Why I quit being a nutritional therapist
Having to give up working as a nutritional therapist felt like a huge failure. Now, I try to see it as a gift.
I spent 25 years working in design and branding before qualifying as a nutritional therapist in 2017. It was thrilling to change careers so I could help others in a meaningful way (supporting health!) instead of a superficial way (designing logos!). Long Covid, two major surgeries, and a colostomy bag later, I've had to come to terms with giving up nutritional therapy and falling back on my old career.
Having built my design career working for big names in Rome, New York City and London, I went freelance to look after two very demanding 'clients' I made with my own body in 2004 and 2006. These children were miracles to me — I'd been diagnosed with infertility 'so severe' that I didn't even qualify for IVF. I'll write about that saga another time, but yes, supporting my body naturally certainly helped.
My youngest became severely ill with PANDAS in 2013, and the lack of medical support made me anxious and angry. I retrained in nutritional therapy to understand how I could help support her health, especially as she was on constant prophylactic antibiotics that I knew were destroying her long-term gut health. I qualified in 2017, and in the meantime found Stella Chadwick at Brainstorm Health, who helped us navigate treating PANDAS. Stella’s level of knowledge was mind-blowing, and although I was often overwhelmed by the volume of lab tests, diet plans, and supplements, I was determined and just kept ploughing through.
Happily, the worst of my daughter's symptoms resolved by 2019 and she was discharged from Great Ormond Street with 'the healthiest blood test results' the consultant had ever seen (his exact words). Thank you, nutritional therapy!
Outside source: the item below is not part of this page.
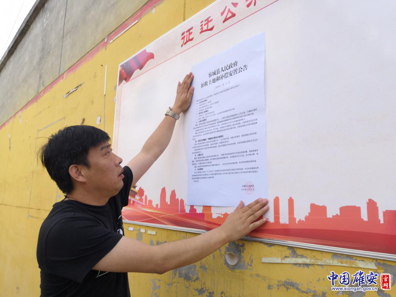 征迁安置工作坚持“一碗水端平”“一把尺子量到底”。图为驻村干部在马庄村张贴公告。中国雄安官网记者朱伟琳 摄

Stella offered me a job at Brainstorm Health as a practitioner and I was thrilled. It was a huge privilege to do work that helped families who were in the same situation we used to be in. Not that a well-designed logo can't be helpful, but supporting desperate parents of very sick kids felt a bit more important.
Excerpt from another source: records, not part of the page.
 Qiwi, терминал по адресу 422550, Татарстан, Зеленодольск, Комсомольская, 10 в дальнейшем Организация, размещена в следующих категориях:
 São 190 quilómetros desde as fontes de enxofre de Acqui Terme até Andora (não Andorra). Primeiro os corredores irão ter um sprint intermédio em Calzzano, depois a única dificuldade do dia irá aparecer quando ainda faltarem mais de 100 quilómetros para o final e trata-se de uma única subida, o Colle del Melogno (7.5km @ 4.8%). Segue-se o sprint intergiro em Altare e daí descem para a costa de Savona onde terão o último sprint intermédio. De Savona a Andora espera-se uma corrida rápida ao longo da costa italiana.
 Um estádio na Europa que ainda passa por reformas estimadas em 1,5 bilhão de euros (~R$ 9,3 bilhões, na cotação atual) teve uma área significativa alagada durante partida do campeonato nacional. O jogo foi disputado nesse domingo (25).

Then COVID happened and everything got f*cked.
My post-PANDAS daughter contracted it in March 2020, and some of her symptoms returned. This was devastating and terrifying. I became very anxious about us going back to the surreal hell that is living with PANDAS. Thankfully, she's never become as ill as she was originally, and has even gone on to study Psychology and Philosophy at Oxford University. At the height of her illness, I couldn't imagine a future where that was even possible. It's not a smooth-sailing miracle cure story, but I am incredibly grateful she is well enough to live away from home and study independently.
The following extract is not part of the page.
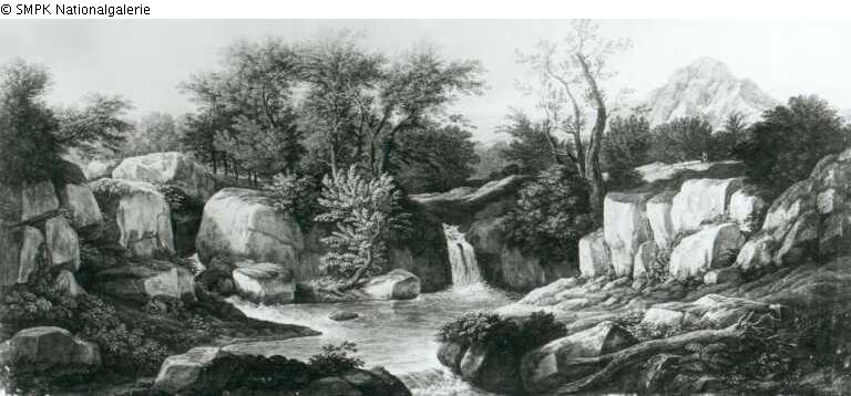 Tafelmalerei: Bild & Supraporte: Wasserfall & Felsformationen & Baumgruppen

I also got COVID in March 2020 but was relieved to spend only a day in bed with a bad headache. 'No big deal!' I thought. By June 2020, I was debilitated by what is now called Long Covid. I could no longer sit up at a computer during Zoom consultations. Looking at anyone moving on a screen would cause the whole room to spin in a strange, funhouse kind of way. I often felt as though the room was slowly tipping on a mechanical axis, and that at any moment I would slide into a corner. This is not a funhouse I wanted to live in.
Pausing here for a personal shout-out to Covid: F*ck You.
When I quite literally busted a gut
Between 2022 and 2023, my sigmoid colon perforated several times, the last episode resulting in life-saving emergency surgery where I had a 50% chance of not making it as I also had sepsis. In February 2023, I woke up after 9½ hours of surgery with a colostomy bag, and spent the next 9 months with my new companion (I named him Bilbo) before my reversal surgery in December 2023.
These dramatic turns of events made it clear that I needed to reduce my stress as much as possible.
I decided to focus on rebuilding my design and branding career, comforted by the knowledge that I could support other nutritional therapists and health practitioners, and remain part of the community. I'm ashamed that it took a life-threatening situation to make me do what was best for me but anyone who knows me would say this is very ‘on brand’ for me. It’s never too late for a re-brand, and I’m still trying to reprogramme myself on a daily basis.
This is me with my colostomy bag ‘Bilbo’, as I came to call him. I was lucky enough to have a reversal, and in the days before that surgery, I realised just how grateful I was for everything Bilbo had done for me. It felt strange to feel bereft saying goodbye to what had originally been my worst nightmare. I wrote about the experience for Tidings Magazine, Colostomy UK's publication. You can read it here.
What now?
I'm trying to rewrite the story in my head: taking a scary situation — a major health crisis that forced me to give up something I loved — and turning it into something positive. So, my new purpose is to take the stress out of branding and websites for nutritional therapists. I want to give them the professional platform they deserve. They shouldn't have to DIY it or settle for poor advice. With my background in both branding and nutritional therapy, I feel I'm in a genuinely unique position to serve this incredible group of people.
What nutritional therapists do is HARD. Very hard. Harder than what doctors and nurses do (I've been told this, by actual doctors and nurses). It's so complex, detailed, and deeply personal. The last thing nutritional therapists need is for setting up their business and website to be hard as well.
So now I take that off their plates. So they can get on with the important work of putting more fibre on yours.